[[ Provided data open ]]

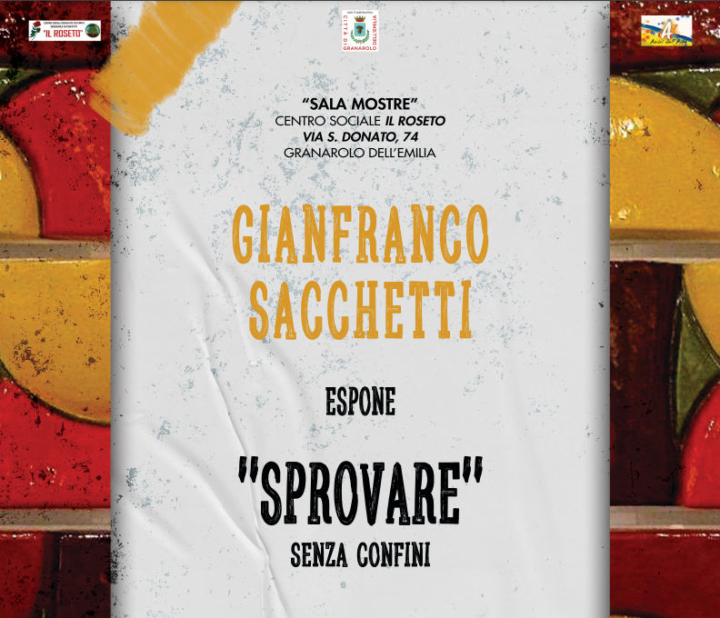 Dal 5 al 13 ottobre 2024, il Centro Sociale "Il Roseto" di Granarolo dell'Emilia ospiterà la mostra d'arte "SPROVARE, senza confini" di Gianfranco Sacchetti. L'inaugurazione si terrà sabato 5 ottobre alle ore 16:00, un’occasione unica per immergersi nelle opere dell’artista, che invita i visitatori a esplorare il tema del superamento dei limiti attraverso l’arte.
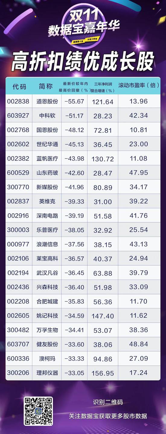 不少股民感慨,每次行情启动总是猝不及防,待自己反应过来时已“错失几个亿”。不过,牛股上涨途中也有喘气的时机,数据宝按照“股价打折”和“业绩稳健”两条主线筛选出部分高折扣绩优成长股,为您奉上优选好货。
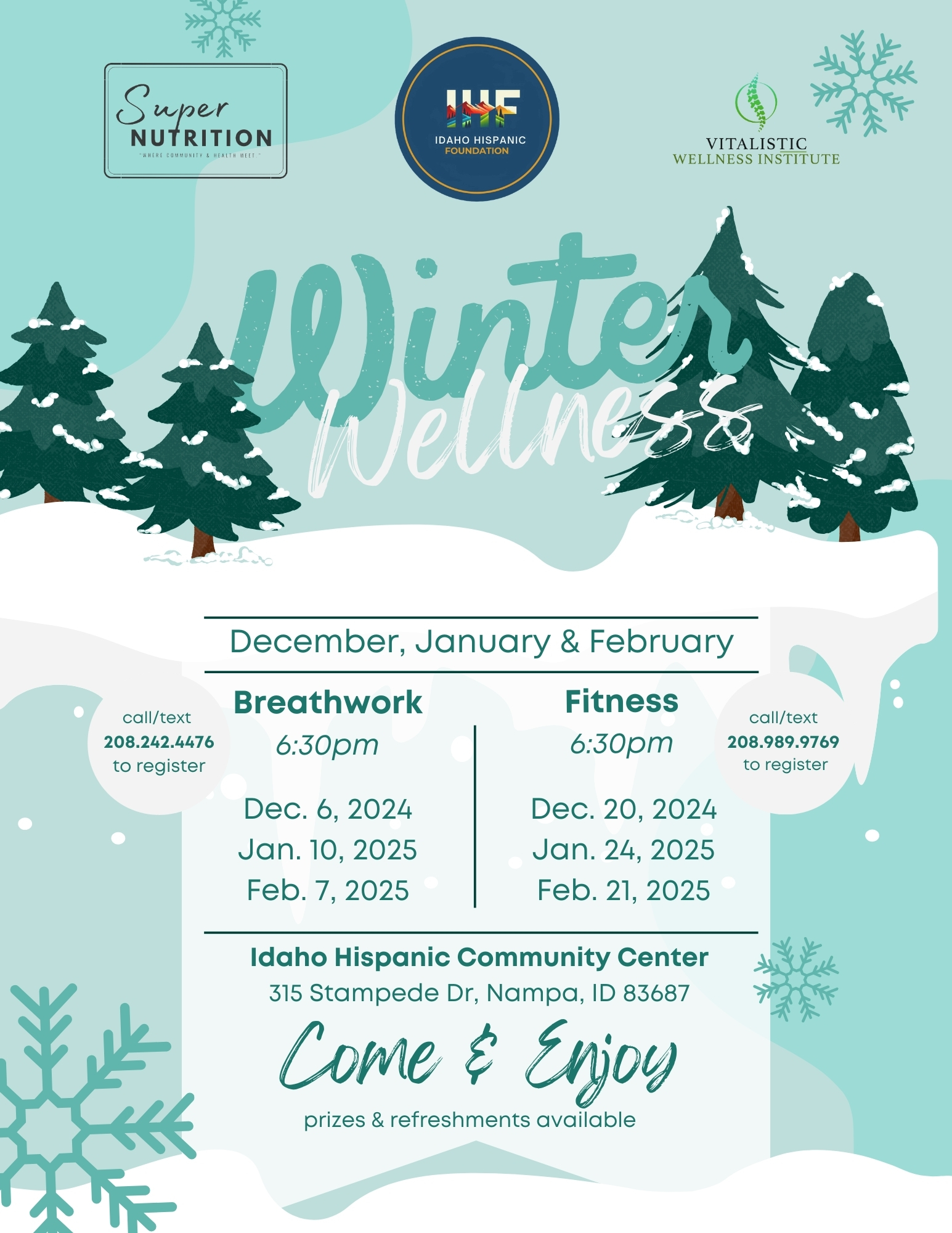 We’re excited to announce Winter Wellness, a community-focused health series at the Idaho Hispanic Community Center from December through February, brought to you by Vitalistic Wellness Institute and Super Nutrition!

[[ Provided data closed ]]
[[ Provided data open ]]

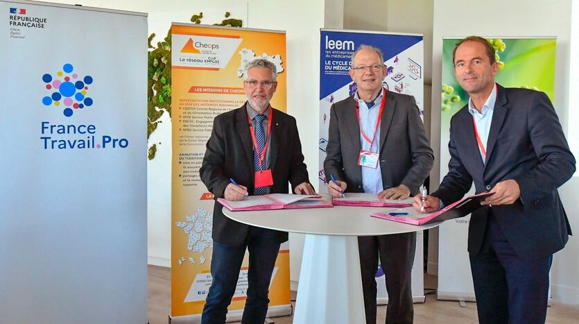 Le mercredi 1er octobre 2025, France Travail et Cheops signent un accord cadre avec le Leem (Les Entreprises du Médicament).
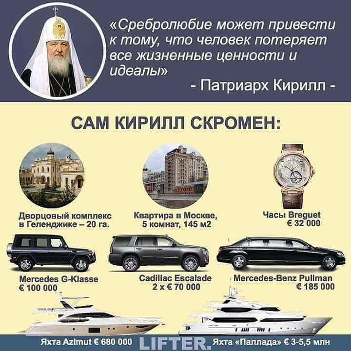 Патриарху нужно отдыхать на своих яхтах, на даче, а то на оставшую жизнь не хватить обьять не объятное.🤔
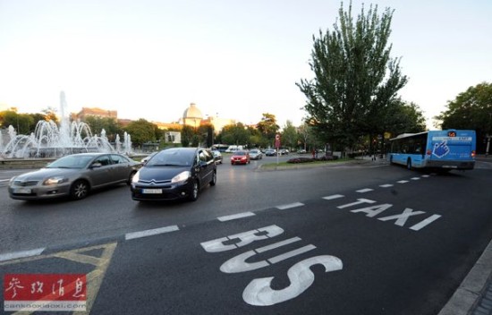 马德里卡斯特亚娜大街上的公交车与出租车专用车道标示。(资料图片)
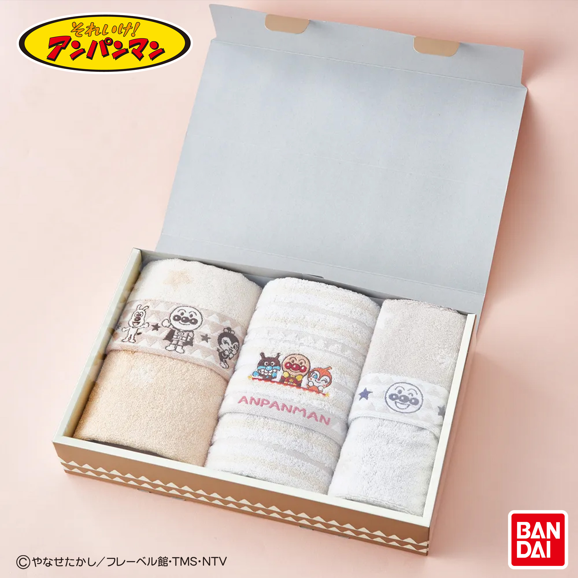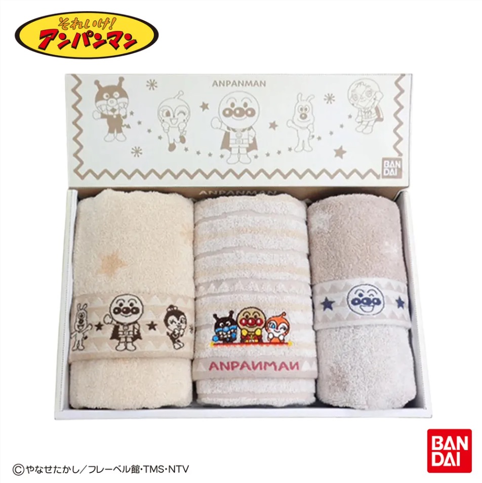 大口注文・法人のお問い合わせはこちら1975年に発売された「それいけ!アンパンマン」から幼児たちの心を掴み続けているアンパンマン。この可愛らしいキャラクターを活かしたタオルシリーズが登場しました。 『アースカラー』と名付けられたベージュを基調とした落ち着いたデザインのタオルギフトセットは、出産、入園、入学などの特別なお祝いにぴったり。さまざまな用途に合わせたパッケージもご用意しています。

[[ Provided data closed ]]

■ **What the exercise asks**
A clean copy is needed of the lines above from the one with "马德里卡斯特亚娜大街上的公交车与出租车专用车道标示。(资料图片)" up to and including the one with "大口注文・法人のお問い合わせ". Please set it down exactly, with no pictures.

■ **Reply**
 马德里卡斯特亚娜大街上的公交车与出租车专用车道标示。(资料图片)
 大口注文・法人のお問い合わせはこちら1975年に発売された「それいけ!アンパンマン」から幼児たちの心を掴み続けているアンパンマン。この可愛らしいキャラクターを活かしたタオルシリーズが登場しました。 『アースカラー』と名付けられたベージュを基調とした落ち着いたデザインのタオルギフトセットは、出産、入園、入学などの特別なお祝いにぴったり。さまざまな用途に合わせたパッケージもご用意しています。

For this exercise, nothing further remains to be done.